## WHAT NEEDS TO BE DONE
The answer must be an exact reprint of the lines from the one with "今天突然给各位写这封公开信,想必有很多人" through the final line of the data, with no pictures included.

··········

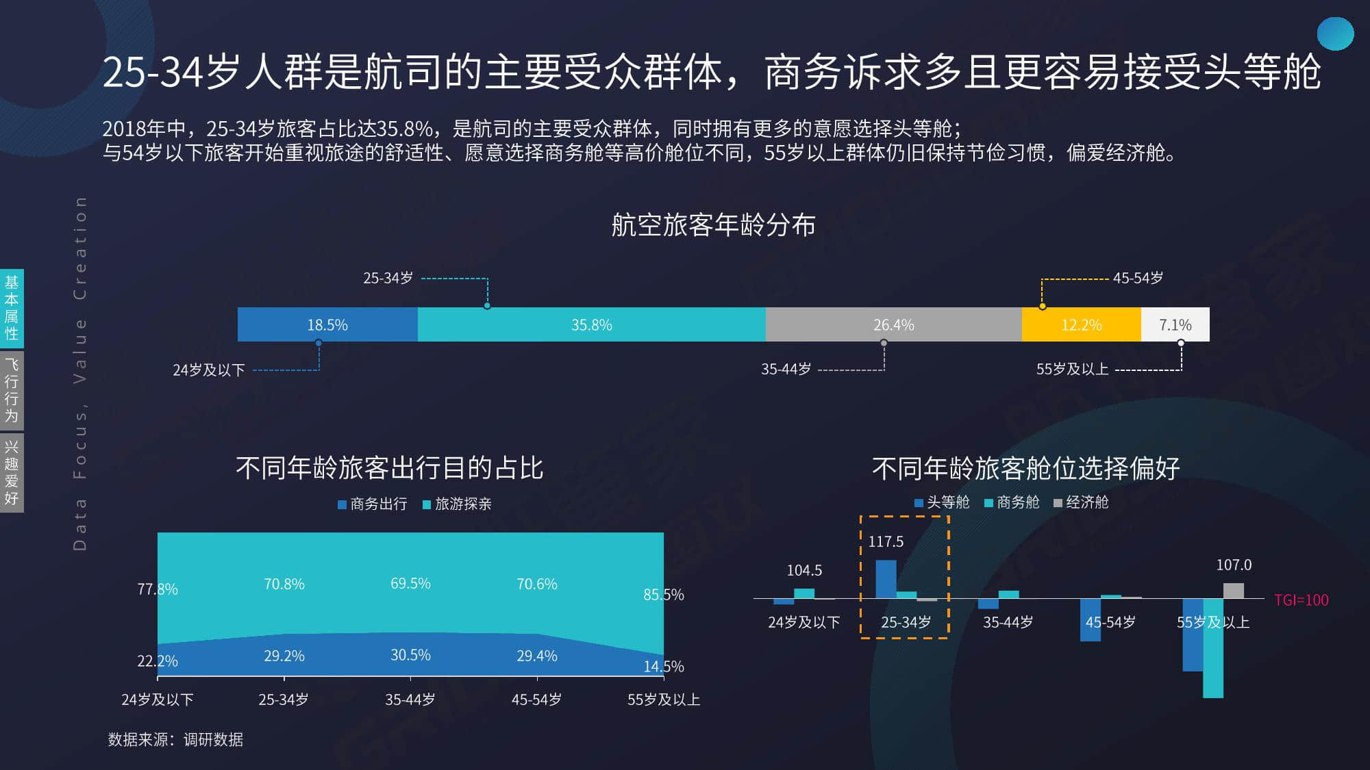 在年龄方面,25-34岁旅客占比达35.8%,是航司的主要受众群体,同时拥有更多的意愿选择头等舱;与54岁以下旅客开始重视旅途的舒适性、愿意选择商务舱等高价舱位不同,55岁以上群体仍旧保持节俭习惯,偏爱经济舱。
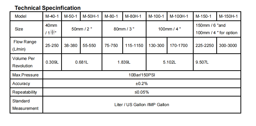 Flow rate: M-40-1 1 1/2”25L-250L/min
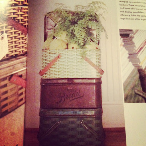 I though the stacking of these baskets was so cute. I loved that different colors of the baskets and mixing the Bread box in there for texture and color. Also love how the top basket has a tin, crab apples and greenery flowing out of it. So clever and simple! Beautiful!
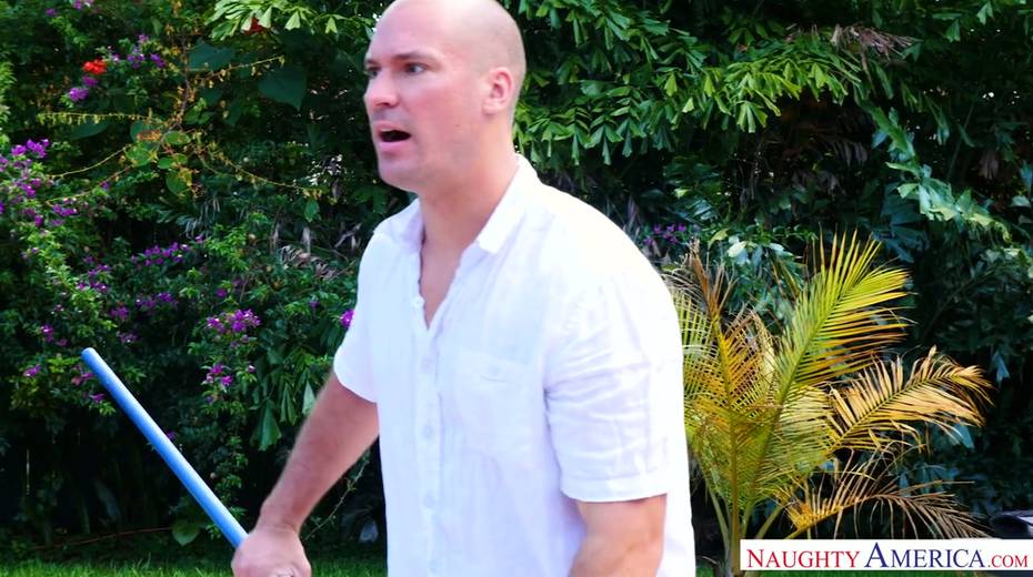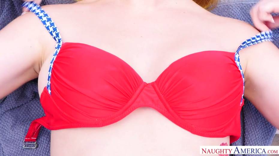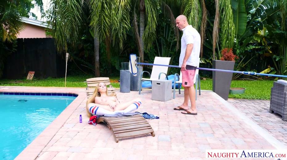 Sexy sister's friend Macy Marx rides a dick and gives a blowjob by the poolside
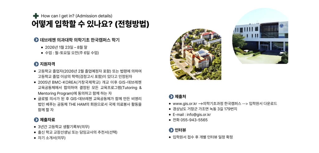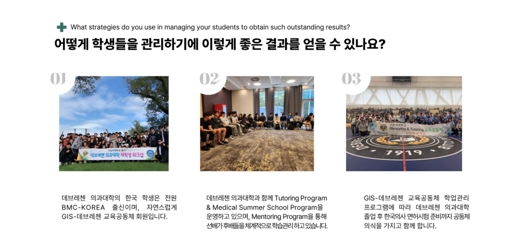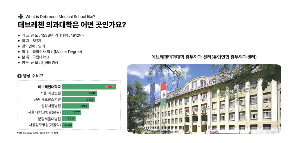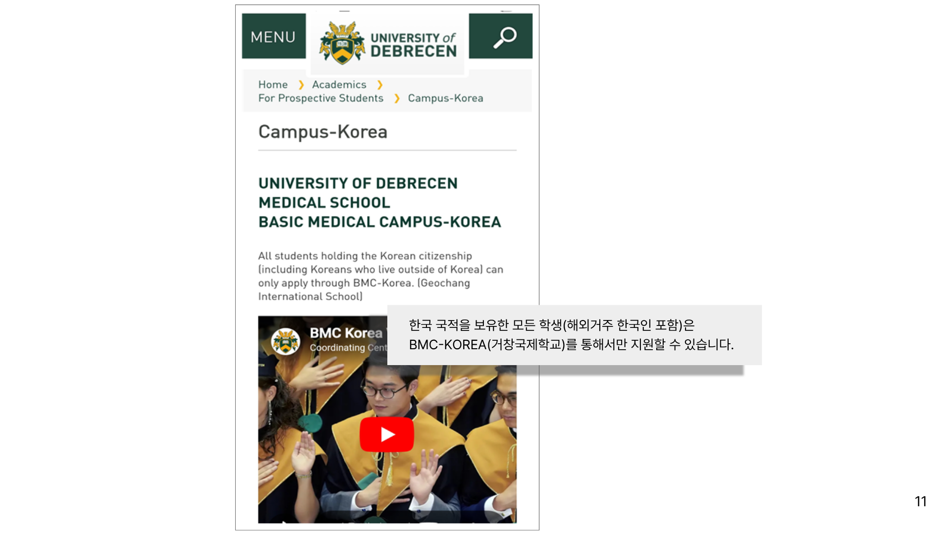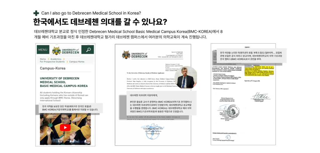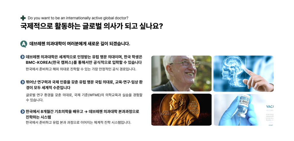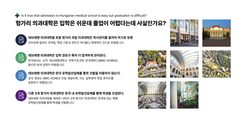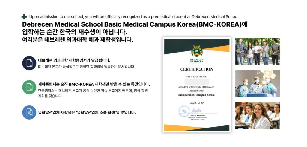 데브레첸 의과대학 The Medical University of Debrecen in Hungary is internationally certified as a six-year medical course in English,It is an international medical school with clinical practice-oriented education and advanced research environment. 한국 국적을 보유한 모든 학생(해외 거주 한국인 포함)은 BMC-KOREA(거창국제학교)를 통해서만 지원이 가능합니다. 진로 설계 안내 It’s a decision to choose your child’s future, not ‘school choice’. WHERE TO GO Gallery 함승훈 교장 공로상 수상 데브레첸대학교 공로상 신입생 축제
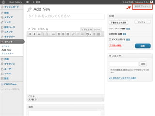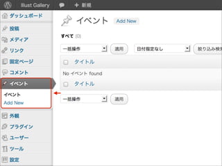 { register_post_type( 'event', array( 'label' => 'イベント', 'public' => true ) ); } add_action( 'init', 'create_post_type' ); または
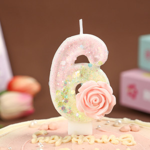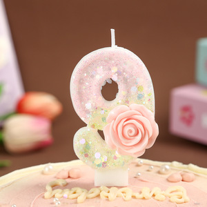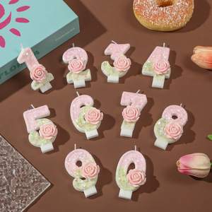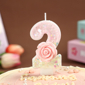 新品女款梦幻粉玫瑰创意数字蜡烛生日周岁蛋糕装饰烘培亚马逊专供
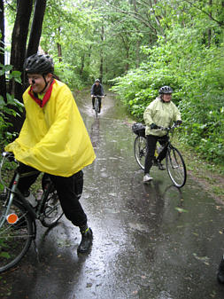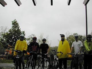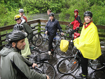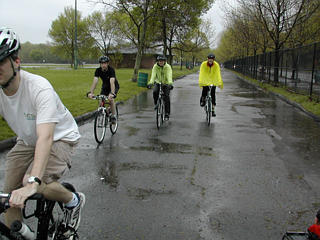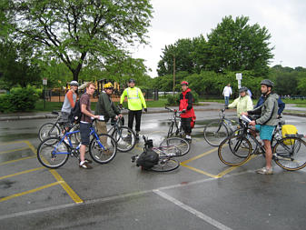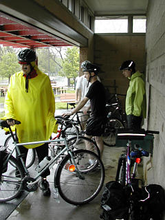 Cyclists seeking shelter from rain before "Bike the Charles" |
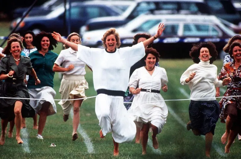 La princesse Lady Diana lors d'une course entre mères organisée par l'école de ses enfants.
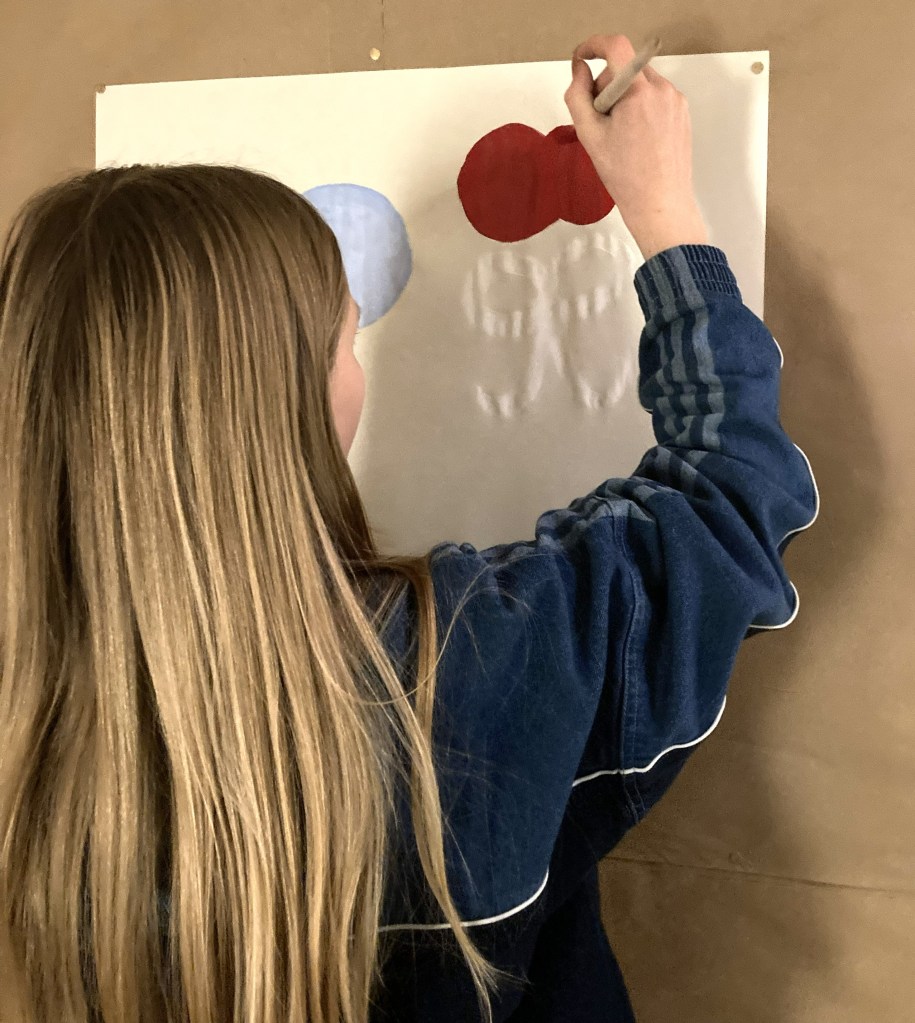 In der heutigen Zeit wird „Dienen“ oft mit Demut und Selbstaufopferung in Verbindung gebracht. Im Kontext des Farb- und Zeichenspiels ist es jedoch eine wichtige Form der Unterstützung. Zu Beginn wird das Papier gemeinsam mit der malbegleitenden Person an der Wand befestigt. Dabei werden Platz und Format des Malbereichs durch dich festgelegt. Du malst in deinem eigenen Rhythmus und auf deinem eigenen Weg. Während dieses Prozesses begleitet dich die malbegleitende Person aufmerksam und ruhig, gibt Sicherheit ohne zu lenken, bereitet Farben vor, mischt neue Farbtöne und reicht dir frisches Papier – ganz ohne Kommentar, Lob oder Bewertung. So kann sich der Malende vollständig auf den kreativen Prozess und das eigene Spiel konzentrieren.
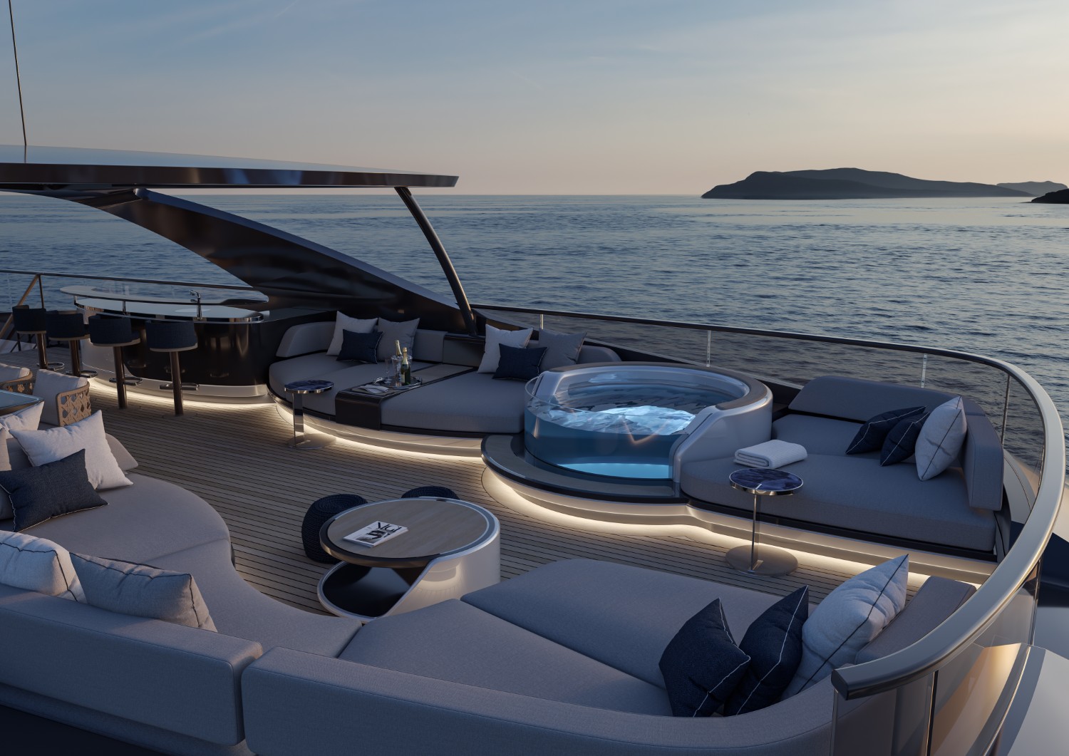 The stern is developed across three descending levels towards the sea, forming an area dedicated to relaxation and socializing, with sunbathing areas, a pool, and an elegant infinity cockpit enhanced by a glass balustrade that ensures uninterrupted panoramic views.
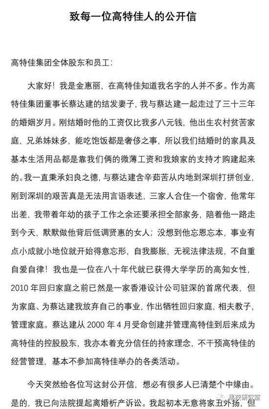今天突然给各位写这封公开信,想必有很多人已清楚个中缘由。是的,我已向法院提起离婚析产诉讼。我起初本无意将家丑外扬,但如果继续保持静默,担心以讹传讹,混淆视听,加上近日蔡达建居然以高特佳公司的名义用公款高价聘请深圳某知名律所的律师作为其私人的代理人欲与我对簿离婚公堂,顿时让我打消了原来不想将事情公之于众的念头。
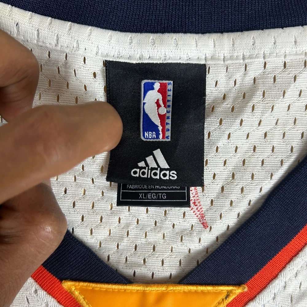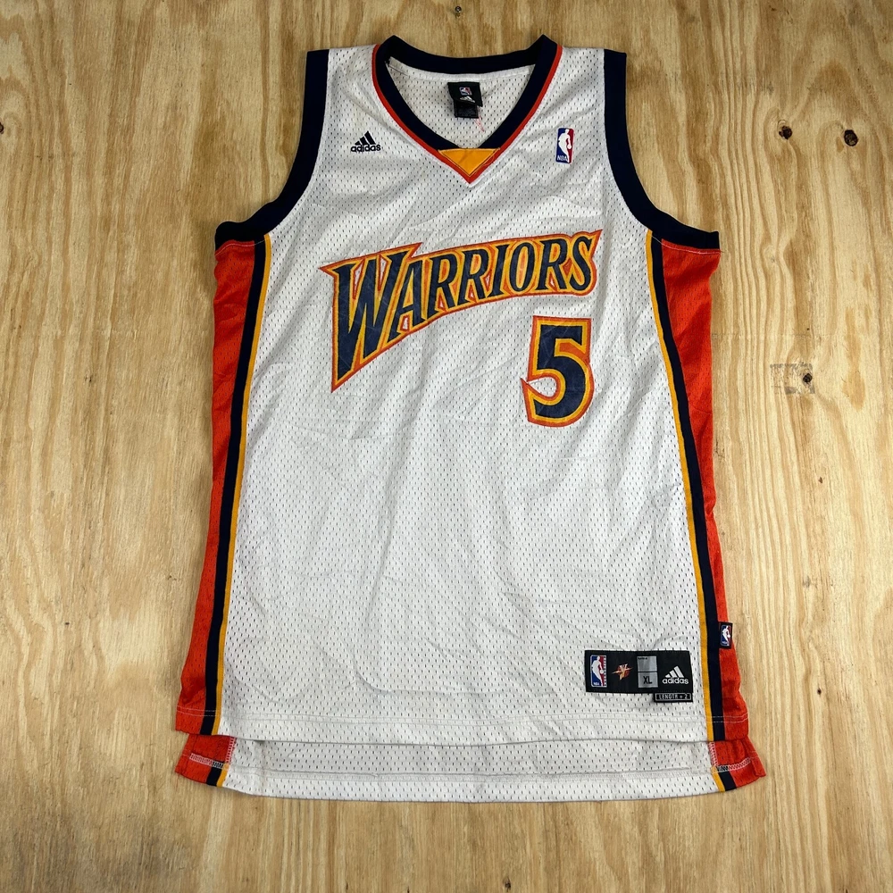 Show your love for the Golden State Warriors with this vintage Baron Davis #5 basketball jersey. Made by adidas, this men's XL jersey is perfect for any fan of the National Basketball Association (NBA). The jersey features the iconic Warriors logo in white on blue, with Davis' name and number on the back. This jersey is perfect for regular season games and is made in Honduras. Get your hands on this piece of fan apparel and show your support for the team on game day. SKU: HB-08-89

··········

## EXERCISE OUTPUT
今天突然给各位写这封公开信,想必有很多人已清楚个中缘由。是的,我已向法院提起离婚析产诉讼。我起初本无意将家丑外扬,但如果继续保持静默,担心以讹传讹,混淆视听,加上近日蔡达建居然以高特佳公司的名义用公款高价聘请深圳某知名律所的律师作为其私人的代理人欲与我对簿离婚公堂,顿时让我打消了原来不想将事情公之于众的念头。
 Show your love for the Golden State Warriors with this vintage Baron Davis #5 basketball jersey. Made by adidas, this men's XL jersey is perfect for any fan of the National Basketball Association (NBA). The jersey features the iconic Warriors logo in white on blue, with Davis' name and number on the back. This jersey is perfect for regular season games and is made in Honduras. Get your hands on this piece of fan apparel and show your support for the team on game day. SKU: HB-08-89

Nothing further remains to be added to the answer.